═════ Data excerpt
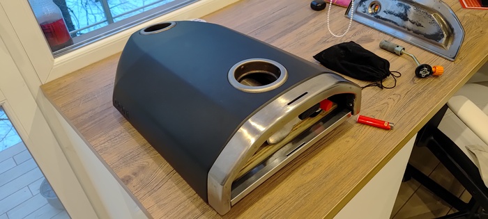 Но этот замечательный девайс позволил обойти эти ограничения) Вооружимся пирометром, пеллетами, углем, и посмотрим на чудо-предмет поближе. Конструкция простая - двойной корпус из нержавейки , на дне в выемке лежит каменная пластина, передняя часть закрывается заслонкой, в задней расположен лоток, в лотке - золотник, на который насыпается топливо (пеллеты, уголь, по идее все что горит но не пробовал пока). Над золотником расположен бункер (небольшая труба в задней части), из него топливо сыпется вниз по мере прогорания, поддерживая горение автоматически, а зола ссыпается в лоток. За счет горения появляется тяга, которая протягивает пламя от золотника до трубы (причем огонь там нешуточный, иногда языки вырываются даже из верха трубы, весь верх обдувается огнем). Собственно, это пламя и нагревает еду сверху. А плита снизу, нагреваясь от огня - греет блюдо снизу, все очень просто и без какой то сложной механики.
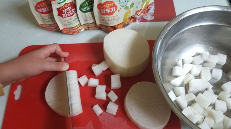 김치, 깍두기를 안 좋아하는 아들을 위해서 아빠가 집콕놀이로 깍두기에 도전했어요.
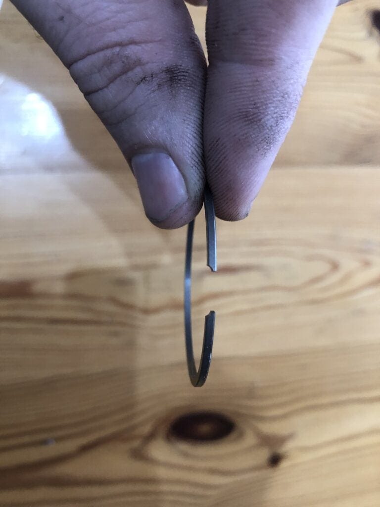 Pierścienie tłokowe najlepiej zdejmować gołą ręką, unosząc palcem część pierścienia w zamku i wykręcając go z tłoka. Nie używaj ostrych przedmiotów, aby nie uszkodzić rowków w tłoku! Uwaga, pierścienie tłokowe są bardzo delikatne, podczas mojej pierwszej wymiany złamałem jeden lub dwa pierścienie tłokowe. Dlatego należy bardzo uważać, aby w żaden sposób nie rozciągnąć pierścieni tłokowych i podchodzić do nich ostrożnie.
══════════
What you are asked to do: Copy out the data exactly and keep the pictures out.

Worked solution:
 Но этот замечательный девайс позволил обойти эти ограничения) Вооружимся пирометром, пеллетами, углем, и посмотрим на чудо-предмет поближе. Конструкция простая - двойной корпус из нержавейки , на дне в выемке лежит каменная пластина, передняя часть закрывается заслонкой, в задней расположен лоток, в лотке - золотник, на который насыпается топливо (пеллеты, уголь, по идее все что горит но не пробовал пока). Над золотником расположен бункер (небольшая труба в задней части), из него топливо сыпется вниз по мере прогорания, поддерживая горение автоматически, а зола ссыпается в лоток. За счет горения появляется тяга, которая протягивает пламя от золотника до трубы (причем огонь там нешуточный, иногда языки вырываются даже из верха трубы, весь верх обдувается огнем). Собственно, это пламя и нагревает еду сверху. А плита снизу, нагреваясь от огня - греет блюдо снизу, все очень просто и без какой то сложной механики.
 김치, 깍두기를 안 좋아하는 아들을 위해서 아빠가 집콕놀이로 깍두기에 도전했어요.
 Pierścienie tłokowe najlepiej zdejmować gołą ręką, unosząc palcem część pierścienia w zamku i wykręcając go z tłoka. Nie używaj ostrych przedmiotów, aby nie uszkodzić rowków w tłoku! Uwaga, pierścienie tłokowe są bardzo delikatne, podczas mojej pierwszej wymiany złamałem jeden lub dwa pierścienie tłokowe. Dlatego należy bardzo uważać, aby w żaden sposób nie rozciągnąć pierścieni tłokowych i podchodzić do nich ostrożnie.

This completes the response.